- Available data -
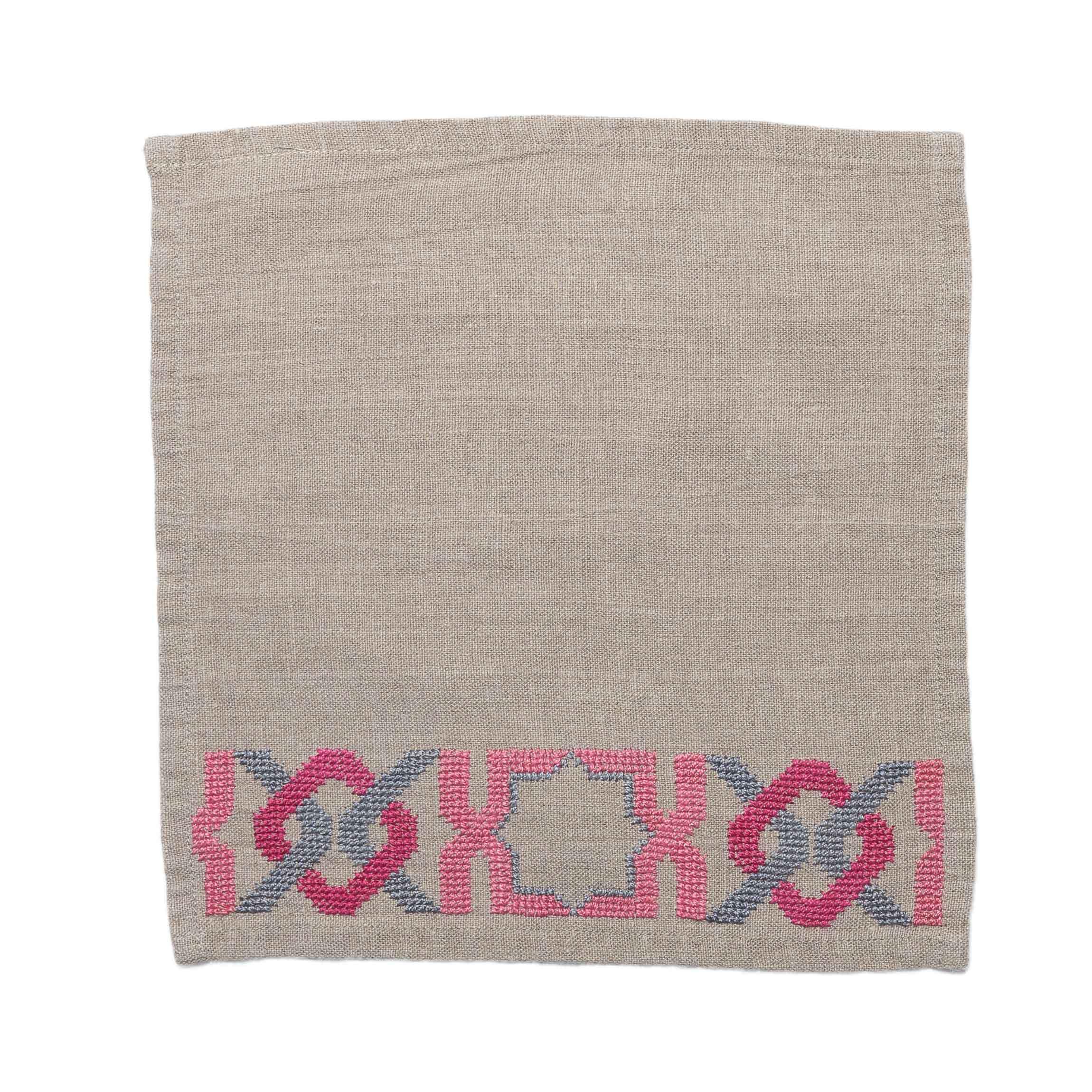Luxury, soft, highly absorbing natural washed and softened linen towel, featuring the Alhambra pattern in tonal shades of pink, gray and raspberry.
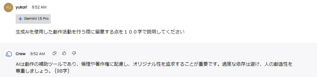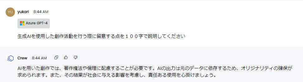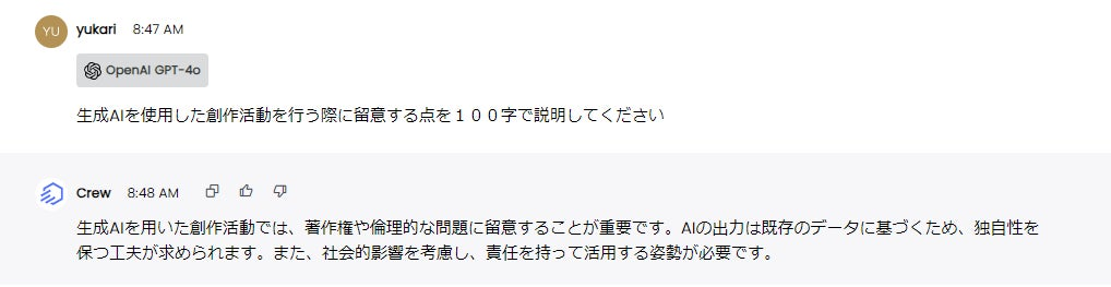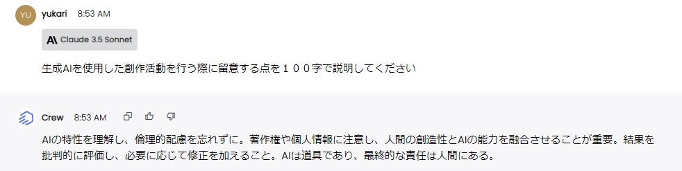 - 「生成AIを使用した創作活動を行う際に留意する点を100字で説明してください」と同じ質問を各モデルに質問した際、以下の回答が得られました。
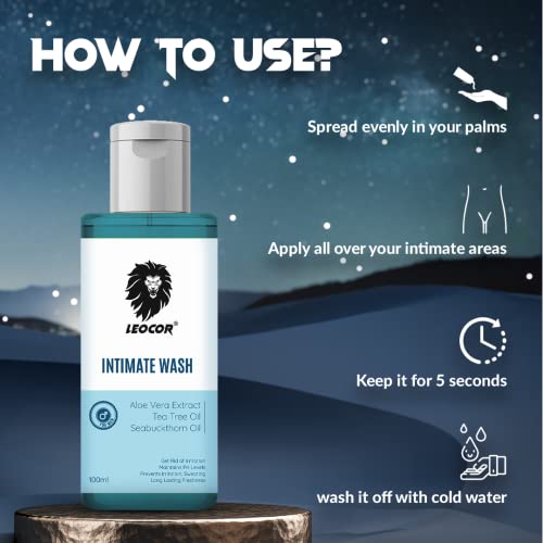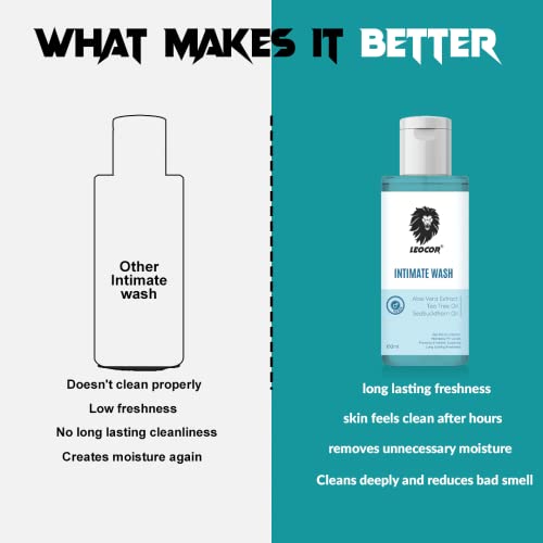 HomeHealth & PersonalPersonal CareMen's GroomingLeocor Intimate Wash for Men | Anti Itch Anti Odour | Better Private Parts Hygiene| with pH Balanced Intimate Hygiene Wash with Aloe Vera Tea Tree
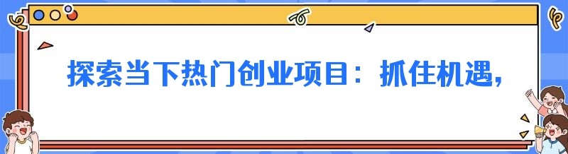 探索当下热门创业项目:抓住机遇,开启成功之旅
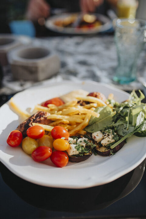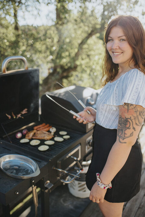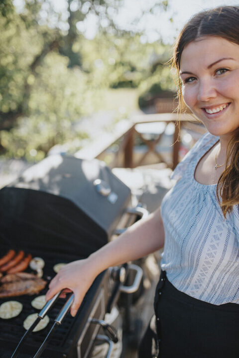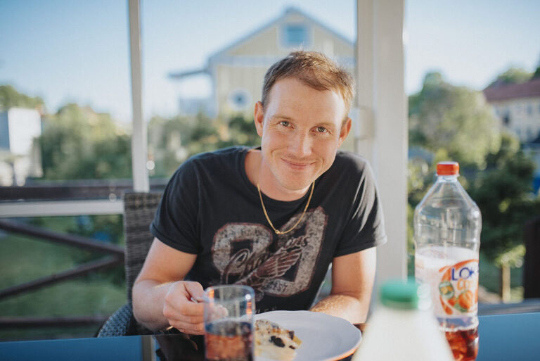 Det blir många såna här kvällar på somrarna, grillen är tänd, solen värmer så man kan sitta ute fram tills småtimmarna. Så jäkla gött! Här prövade vi att grilla aubergine penslad med olivolja och salt, som vi sedan slängde på färska örter och färskost på – helt okej tyckte jag, Toffe var inte lika imponerad.
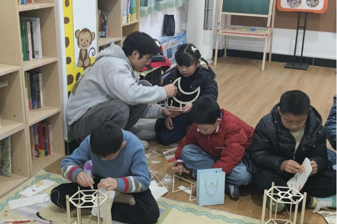 随后,实践队带着小朋友一齐制作新春灯笼,在迎接春节到来的同时,感受中华春节文化的内涵,传承中华春节的习俗。灯笼的历史源远流长它承载着中华民族千年的历史记忆,见证了社会的发展变迁。在春节这个传统节日中,悬挂灯笼这一习俗得以延续,让后人能够直观地感受到先辈们的生活方式和文化传统,是连接过去与现在的文化纽带。小朋友们非常喜欢制作灯笼的活动,不少小朋友在制作完一支灯笼后纷纷表示要再做一支。最后,实践队与小朋友们以及他们亲手制作的灯笼留下合影。
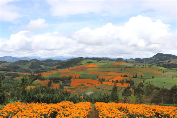 新华乡位于屏边县东北部,最高海拔2291.6米,最低海拔718米,年平均气温16.1℃,非常适宜万寿菊的生长。万寿菊是一种一年生草本植物,是提取纯天然叶黄素的最佳原料,成活率高、花期长,而且病虫害少、田间管理简单、劳动强度小,其花和叶入药有清热、化痰、补血通经的功效,有很高的经济价值。
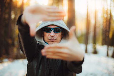 A man wearing a jacket with hood and standing in a meadow with sunlight in the morning. Winter season concept.
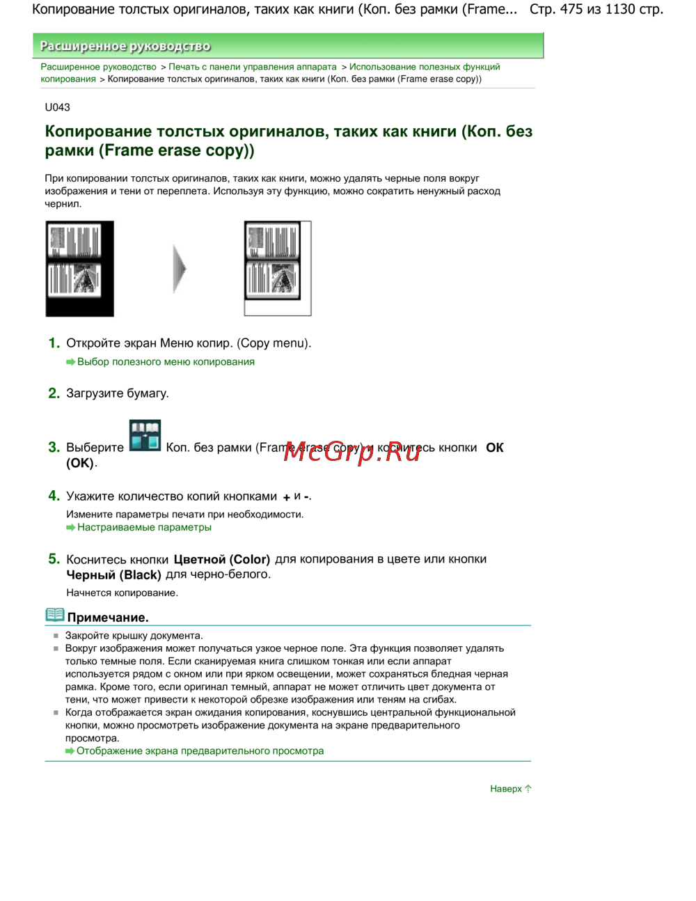 Стр. 475 из 1130 стр.Копирование толстых оригиналов, таких как книги (Коп. без рамки (Frame...
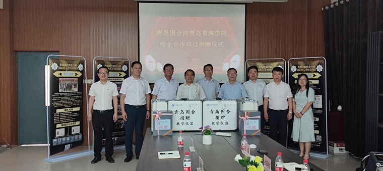 6月23日下午,青岛国合对外经济技术合作公司与威尼斯569vip游戏下载捐赠教学设备仪式在智能制造学院会议室举行。青岛市商务局服贸处三级调研员刘银玉、财政局二级调研员杜英杰、行业协会袁浩宸秘书长、青岛国合公司一行5人,威尼斯569vip游戏下载副校长梁忠环、威尼斯569vip游戏下载校长助理兼智能制造学院院长刘纪新、创新创业学院院长谭春波、智能制造学院副院长孙丰鑫,以及相关部门负责人参加了捐赠仪式。仪式由谭春波院长主持。青岛黄
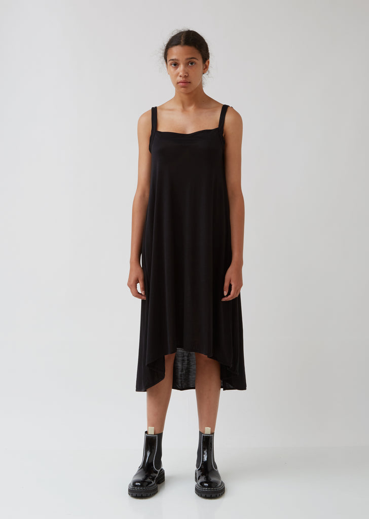 Black Tencel-jersey slip dress finished with adjustable knotted shoulder straps. Square neckline. Square-shaped back. Sleeveless. High-low hem. Midi length. Straight, relaxed fit.
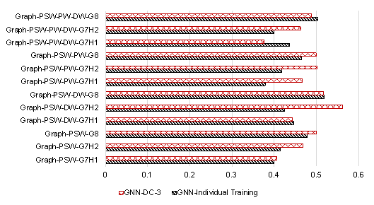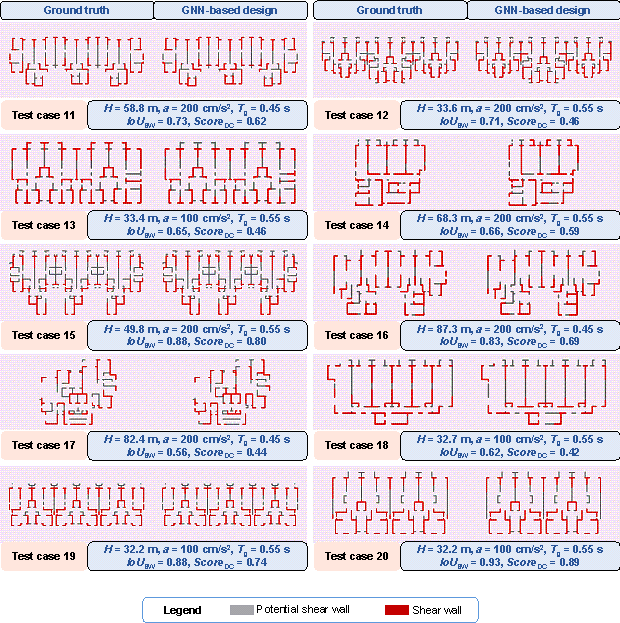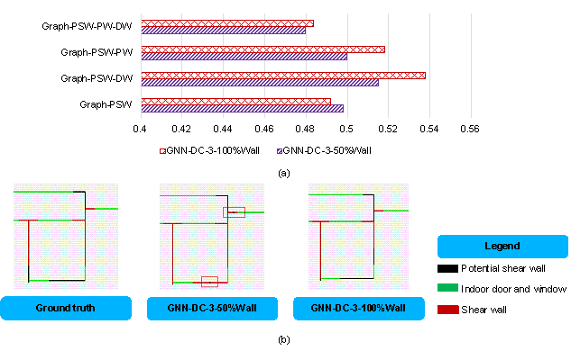 where ScoreDC is the comprehensive evaluation index; IoUSW is the IoU of the shear wall layout designed by the GNN model and that designed by engineers, which is calculated by projecting the design results on a pixel image with spatial resolution of 10 mm/pix, and the calculation method is consistent with that shown in Figure 6 in the study by Zhao et al. [3]; w1 and w2 are, respectively, the weight coefficients of the shear wall ratio in two orthogonal directions; swgt1 and swgt2 are, respectively, the shear wall ratios in the two orthogonal directions of the engineer*s design results; swpre1 and swpre2 are, respectively, the shear wall ratios in the two orthogonal directions of the GNN model*s design results; PNsw_gt1 and PNsw_gt2 are, respectively, the pixel number of the shear walls in the two orthogonal directions of the engineer*s design result; PNsw_pre1 and PNsw_pre2 are, respectively, the pixel number of the shear walls in the two orthogonal directions of the GNN model*s design result; PNwall is the pixel number of the PSW in the shear wall structure; PNSW_inter and PNSW_union are the intersection and union of the engineer-designed and GNN-designed shear wall layouts, respectively; and PNSW_gt and PNSW_GNN are the shear wall pixel numbers of the engineer-designed and GNN-designed shear wall layouts, respectively. Figure 6 Schematic diagram of ScoreDC. 4.2. Evaluation of Test Set4.2.1. Evaluation Results of Different Design Condition Combination ScenariosFigure 7 displays the average ScoreDC of the test set for the four design condition combination scenarios (GNN-DC-0, GNN-DC-1, GNN-DC-2, and GNN-DC-3) and four graph edge representation methods (Graph-PSW, Graph-PSW-DW, Graph-PSW-PW, and Graph-PSW-PW-DW). As evident from Figure 7, for all the graph edge representation methods, GNN-DC-3 exhibits the best performance, whereas GNN-DC-0 fares the poorest. GNN-DC-0, GNN-DC-1, GNN-DC-2, and GNN-DC-3 exhibit a trend of progressive performance improvements. This trend indicates that the adequacy of the design conditions positively influences the ability of the GNN-based design method to capture the performance of the shear wall layout. In addition, the Graph-PSW-DW graph edge representation method has the best overall effect, consistent with the findings by Zhao et al. [3]. Figure 7 ScoreDC for different design condition combination scenarios. 4.2.2. Comparison with Individual Training by Design Condition GroupIn Section 3.3, it is mentioned that the 30 data in the test set of this study are consistent with those used by Zhao et al. [3]. In Zhao et al. [3]*s study, the structural data with different seismic design intensities were pre-divided into three groups, namely G7H1, G7H2, and G8, and trained in separate groups. G7H1 and G7H2 indicate that the seismic design intensity is 7∼, and the PGA of the DBE is 100 cm/s2. G7H1 and G7H2 correspond to structure heights ≒ 50 m and > 50 m, respectively. G8 indicates that the seismic design intensity is 8∼, and the PGA of the DBE is 200 cm/s2. Unlike the group training approach in the study by Zhao et al. [3], this study trains all the shear wall data with different design conditions, considering the design condition as one of the data features. Figure 8 shows the difference in the average ScoreDC of the 30 test set data when comparing the proposed method with that of Zhao et al. [3]. For comparison, the design condition combination scenario GNN-DC-3 is used in this study, and GNN-Individual Training presents the training method used by Zhao et al. [3]. As shown in Figure 8, in most cases, the ScoreDC of the condition-informed design method proposed in this study is either better than or at par with the grouped training method used by Zhao et al. [3]. Zhao et al. [3] divided the data into G7H1, G7H2, and G8 groups. However, pre-grouping the data according to the design conditions often leads to a coarse grouping basis. Rough grouping limits the design conditions of the shear wall structure that the neural network can handle to the group categories, which may not align with the relatively flexible combinations of the design conditions required in practical design scenarios. Moreover, pre-grouping divides the data into several groups, reducing the amount available for individual training and thus impacting the neural network*s generalization ability. In contrast, the proposed design-condition-informed method for the shear wall layout design overcomes these limitations. Only one well-trained model is required to design the shear wall layout for any combination of design conditions. As a result, the proposed design method outperforms the pre-grouped training method in terms of convenience and flexibility when handling the various design condition combinations. Figure 8 Differences in ScoreDC between this study and Zhao et al. [3]*s study on G7H1, G7H2, and G8 design groups. 4.2.3. Difference in Shear Wall Layouts Between Two Shear Wall Representation MethodsAs depicted in Section 3.1 and Figure 3, a difference exists in the representation of the shear walls in the graph compared to that by Zhao et al. [3]. When a PSW is covered with shear walls, this study uses ※100 %§ as the proportion of shear walls at both ends of the PSW edge to represent the shear wall, while Zhao et al. [3] used ※50 %§. Figure 9a shows the ScoreDC difference between the two shear wall representation methods under the design condition combination scenario GNN-DC-3, where GNN-DC-3-100%Wall uses ※100 %§ as the shear wall proportion at both ends of the PSW edge to represent the shear wall when a PSW is covered with shear walls, and GNN-DC-3-50%Wall uses ※50 %§, which is same as the shear wall representation method by Zhao et al. [3]. It can be observed from Figure 9a that the proposed feature-representation method of shear walls exhibits a slightly better performance on ScoreDC than the feature-representation method by Zhao et al. [3]. Figure 9b shows an example f
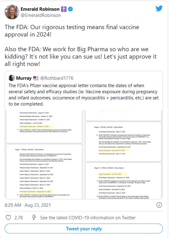 FDA Approval Letter for Pfizer Vaccine Had Several Key Future Dates to Complete Studies Then Threw Them All In the Garbage and Approved It Yesterday
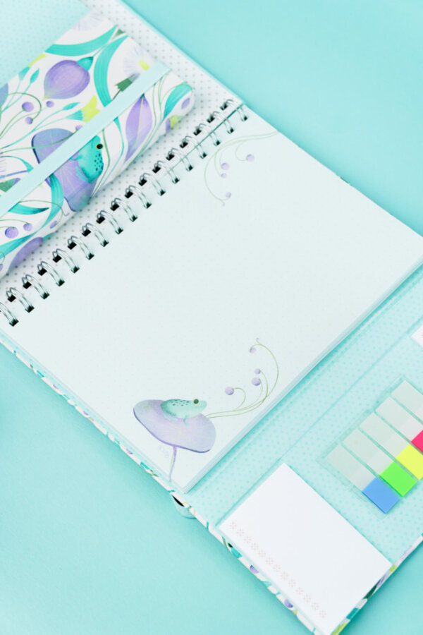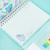 El cuaderno perfecto para la oficina o como cuaderno escolar, agenda, para hacer bullet journal; o simplemente, tomar notas increíbles. Viene con sus hojitas decoradas, banderines, taco de notas y stickers divinos.
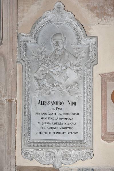- NOTIZIE STORICO CRITICHE La lapide, che si ipotizza postuma, reca il busto di Alessandro Nini circondato da foglie di alloro e strumenti musicali. Commemora la sua opera come maestro di Cappella della Basilica di Santa Maria Maggiore dal 1847 al 1880, anno della morte. \nAlessandro Nini (1805-1880) è stato anche compositore, musicista e direttore della Scuola imperiale di canto a Pietroburgo e di varie cappelle musicali italiane.
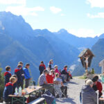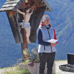 Während Kinder und Senioren den Sessellift zur Auffahrt nutzen, wanderte die Gruppe in einer Stunde zum Aussichtspunkt am Hochschwarzeck. Bei herrlichem Herbstwetter und strahlend blauem Himmel feierten 160 Veldener bei dem Marterl vor dem Berggasthaus Hirschkaser zusammen mit Pater Anton Dimpfelmeier einen Gottesdienst unter freiem Himmel. So war es den Gottesdienstbesuchern gegönnt bei musikalischer Umrahmung der Blechbläser „16 ½ Blech“ das außergewöhliche Panorama mit Hohem Göll, Watzmann, Hochkalter und der Reiter Alpe zu genießen. Bergfreunde-Spartenleiterin Evi Zehetbauer erinnerte an die verstorbenen Bergkameraden, insobesondere an Josef Kasseckert, der über viele Jahrzehnte die Bergfreunde bei Veranstaltungen und Bergtouren begleitete. Mit einem Abstecher zum nahegelegenen Gipfel des „Toten Mann“ und dem Abstieg ging die eindrucksvolles herbstliche Wanderung mit Bergmesse in den Berchtesgadener Bergen zu Ende.
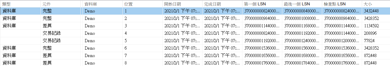 資料庫 > 工作 > 備份 > 內容 (顯示裝置內容)

- Exercise instructions -
Your answer should be the exact lines above from the one containing "6月23日下午,青岛国合对外" through the one containing "Black Tencel-jersey slip", with both end lines kept and the pictures removed, please.

- Task output -
 6月23日下午,青岛国合对外经济技术合作公司与威尼斯569vip游戏下载捐赠教学设备仪式在智能制造学院会议室举行。青岛市商务局服贸处三级调研员刘银玉、财政局二级调研员杜英杰、行业协会袁浩宸秘书长、青岛国合公司一行5人,威尼斯569vip游戏下载副校长梁忠环、威尼斯569vip游戏下载校长助理兼智能制造学院院长刘纪新、创新创业学院院长谭春波、智能制造学院副院长孙丰鑫,以及相关部门负责人参加了捐赠仪式。仪式由谭春波院长主持。青岛黄
 Black Tencel-jersey slip dress finished with adjustable knotted shoulder straps. Square neckline. Square-shaped back. Sleeveless. High-low hem. Midi length. Straight, relaxed fit.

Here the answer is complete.